Include the line with "Szaro-biała tapeta na" and every line before it in the entries below, echoed exactly, but not the pictures.

[Data records]
____
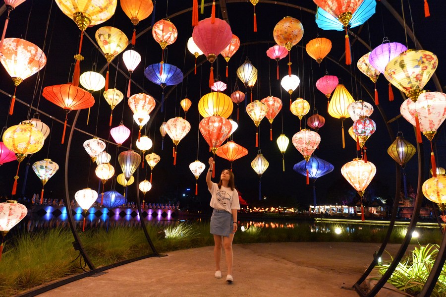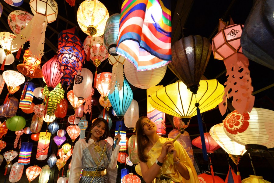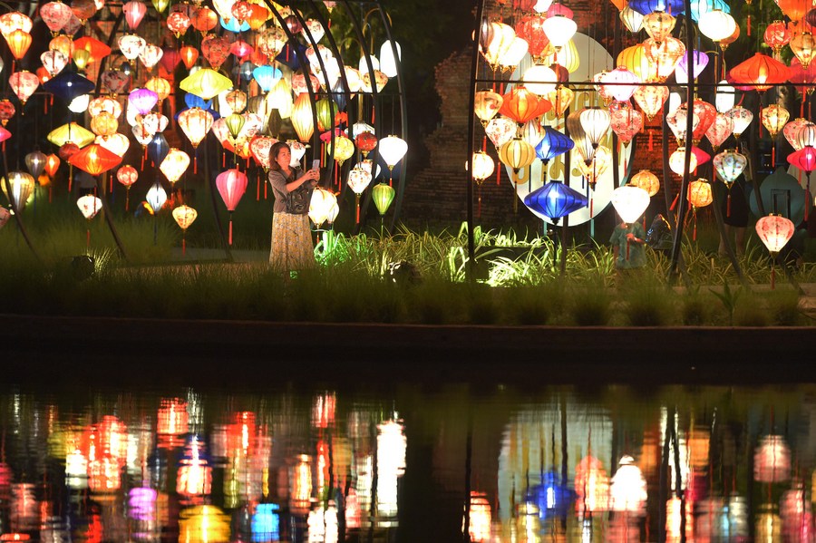 A woman takes photos at the Thailand International Lantern and Food Festival in Muangboran of Samut Prakan Province, Thailand, Nov. 4, 2022. (Xinhua/Rachen Sageamsak)A woman takes photos at the Thailand International Lantern and Food Festival at Muangboran, in Samut Prakan Province, Thailand, on Nov. 4, 2022. (Xinhua/Rachen Sageamsak)People visit the Thailand International Lantern and Food Festival at Muangboran, in Samut Prakan Province, Thailand, on Nov. 4, 2022. (Xinhua/Rachen Sageamsak)
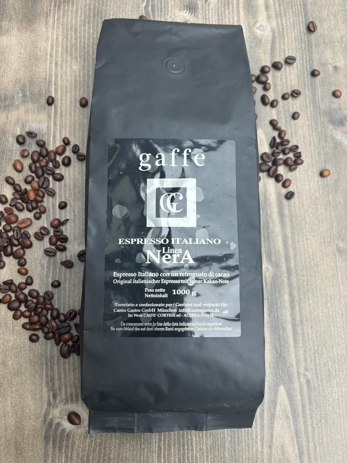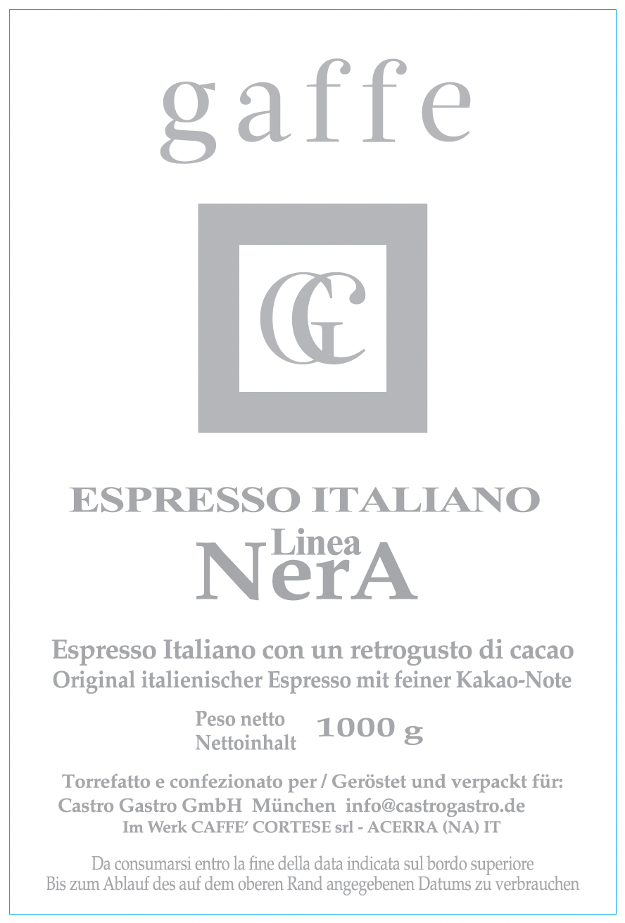 Unsere Mischung "Linea Nera" ist ein vollmundiger, original italienischer Espresso mit intensivem Aroma und einer feinen Kakao-Note. Holen Sie sich den Duft Italiens nach Hause.
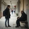 Среди толпы медленно шагала она — Марина, женщина средних лет с глазами цвета дождливого неба и лёгким, но усталым взглядом. В её изношенном пальто с протёртыми локтями и старых ботинках скрывалась история постоянной борьбы за выживание. Её волосы, небрежно собранные в тугой хвост, едва скрывали глубокие морщины, которые, казалось, рисовали по её лицу карту боли и утрат. Её слегка сутулое тело и медленный шаг выдавали тревогу и усталость, но в то же время — упорство и непоколебимую волю. Она пришла сюда не случайно — ей нужно было что-то важное, что могло изменить её хрупкий мир.
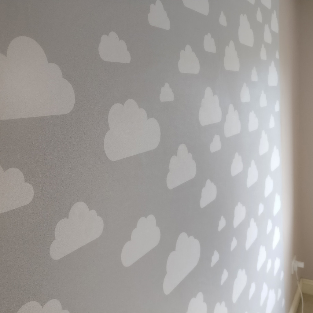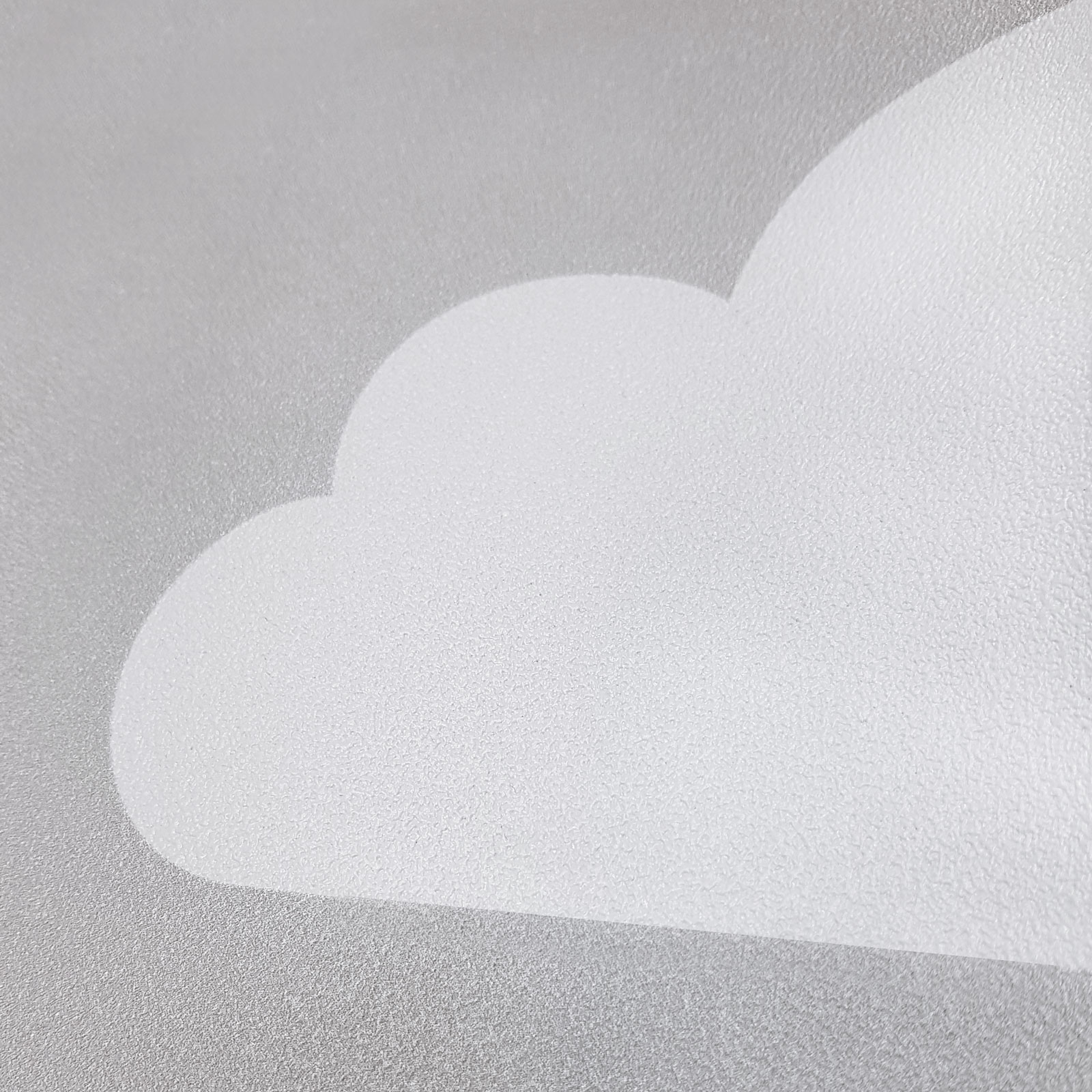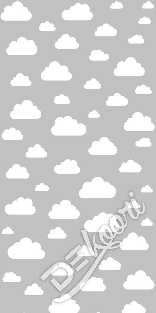 Szaro-biała tapeta na ścianę w chmury, chmurki w kilku rozmiarach. Uniwersalny wzór, który pasuje do różnych pomieszczeń. Wyjątkowo sprawdzi się jednak jako tapeta dla dzieci, do pokoju dziecięcego.
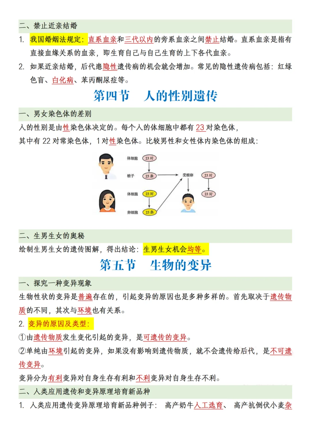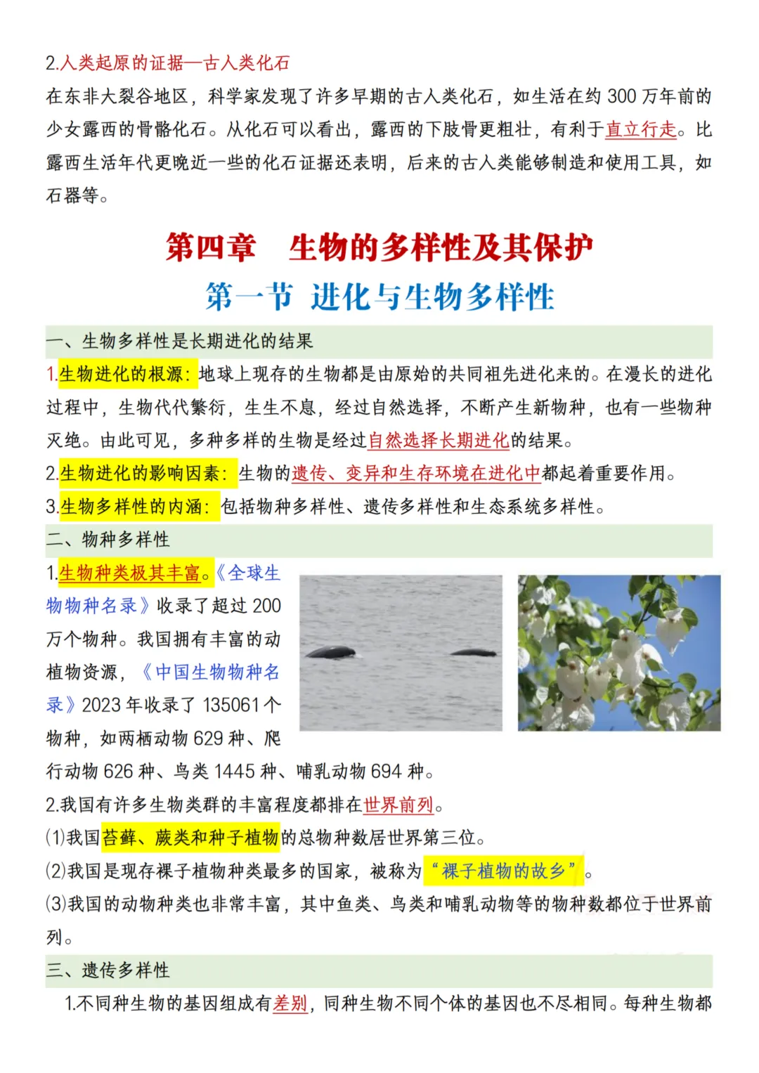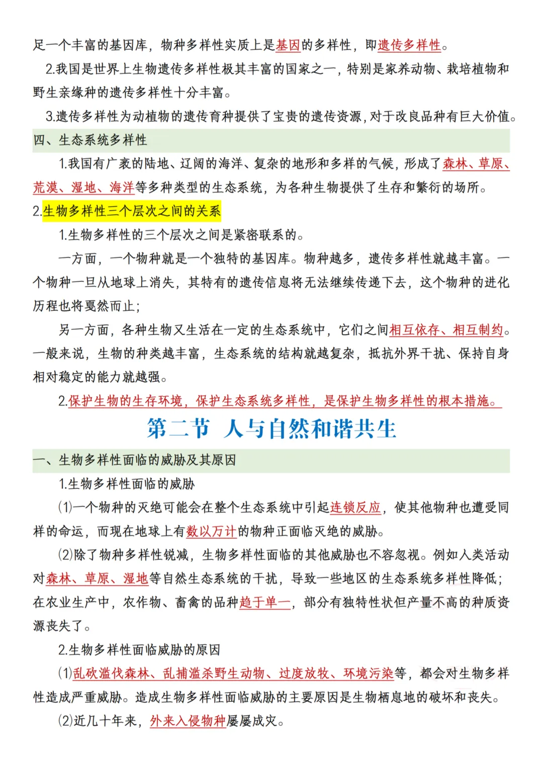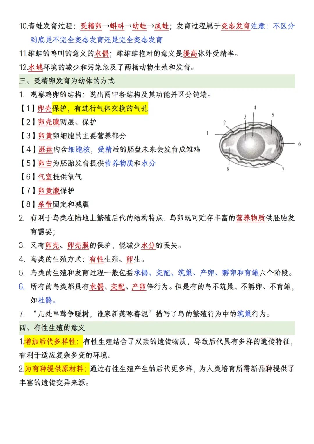 26年春【八下人教生物】知识点,共13页。系统知识架构教材以 “生命的延续 — 遗传的规律 — 进化的奥秘 — 多样性的保护” 为核心脉络,系统讲解生物的生殖、遗传、进化及多样性保护,帮助学生建立完整的生物学知识体系。重点突出,贴合学习需求内容覆盖八年级生物学习重点,如无性生殖和有性生殖的特点与应用、基因的传递规律、生物进化的历程及自然选择学说,同时强调生物多样性保护的重要性,帮助学生理解人与自然和谐共生的理念。理论与实践结合教材设计了丰富的实践探究活动,如植物的扦插或嫁接、动物饲养实验等,培养学生的动手能力和科学探究精神,提升解决实际问题的能力。抽象知识直观化通过彩色图表和示意图,将抽象的生物学概念(如基因传递、进化历程)转化为直观的视觉信息,帮助学生轻松理解和掌握难点知识。提升核心素养教材不仅注重知识传授,更强调培养学生的生命观念、科学思维和探究实践能力,帮助学生形成正确的生态保护意识和社会责任感。需要的家长抓紧打印出来,让孩子写一写,练一练吧。
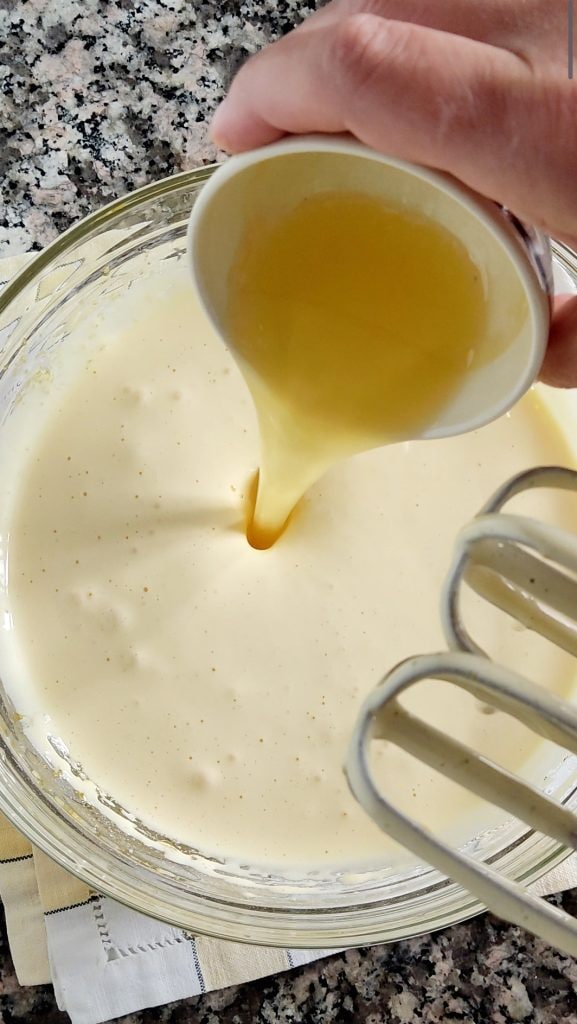 Bate los 2 huevos enteros con el azúcar con la ayuda de una batidora eléctrica durante 7-8 minutos, hasta obtener una mezcla clara y espumosa. Añade la mantequilla derretida, el café de la moka y el café soluble. Mezcla.
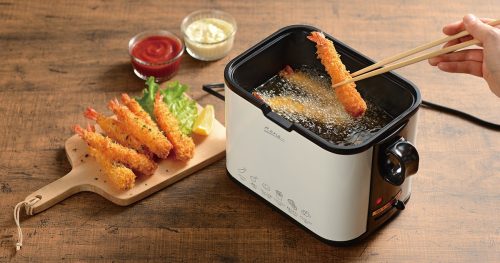 少量の油で気軽に揚げ物を楽しめる電気フライヤー。約0.5Lの油で効率よく調理でき、一人暮らしやお弁当作りに重宝します。
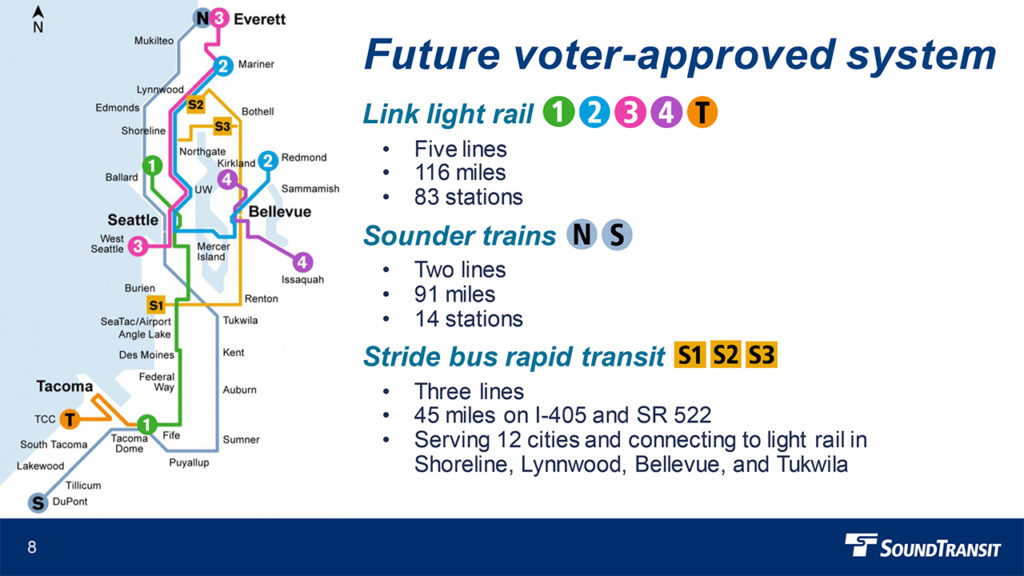 The final presenter before the closing panel was Suraj Shetty, Executive Director of Operations for Sound Transit, who focused on the agency’s Light Rail Expansion Program in the Seattle area. He started by describing the three counties in Sound Transit’s service area: Snohomish (north of Seattle, including Everett), King (the city of Seattle), and Pierce (south of Seattle, including Tacoma). He said that 40% of Washington State’s population lives there, and that the three counties also run their own transit systems within county borders. Sound Transit started by building and running light rail between downtown Seattle and SEA-TAC Airport, added Sounder trains north of Seattle to Everett and south to Tacoma and Lakewood, then added intercounty buses, and later expanded those service lines. There are plans to add three more “Link” light rail lines and extend Sounder trains both north and south by 2044.
____
*Output*:
 A woman takes photos at the Thailand International Lantern and Food Festival in Muangboran of Samut Prakan Province, Thailand, Nov. 4, 2022. (Xinhua/Rachen Sageamsak)A woman takes photos at the Thailand International Lantern and Food Festival at Muangboran, in Samut Prakan Province, Thailand, on Nov. 4, 2022. (Xinhua/Rachen Sageamsak)People visit the Thailand International Lantern and Food Festival at Muangboran, in Samut Prakan Province, Thailand, on Nov. 4, 2022. (Xinhua/Rachen Sageamsak)
 Unsere Mischung "Linea Nera" ist ein vollmundiger, original italienischer Espresso mit intensivem Aroma und einer feinen Kakao-Note. Holen Sie sich den Duft Italiens nach Hause.
 Среди толпы медленно шагала она — Марина, женщина средних лет с глазами цвета дождливого неба и лёгким, но усталым взглядом. В её изношенном пальто с протёртыми локтями и старых ботинках скрывалась история постоянной борьбы за выживание. Её волосы, небрежно собранные в тугой хвост, едва скрывали глубокие морщины, которые, казалось, рисовали по её лицу карту боли и утрат. Её слегка сутулое тело и медленный шаг выдавали тревогу и усталость, но в то же время — упорство и непоколебимую волю. Она пришла сюда не случайно — ей нужно было что-то важное, что могло изменить её хрупкий мир.
 Szaro-biała tapeta na ścianę w chmury, chmurki w kilku rozmiarach. Uniwersalny wzór, który pasuje do różnych pomieszczeń. Wyjątkowo sprawdzi się jednak jako tapeta dla dzieci, do pokoju dziecięcego.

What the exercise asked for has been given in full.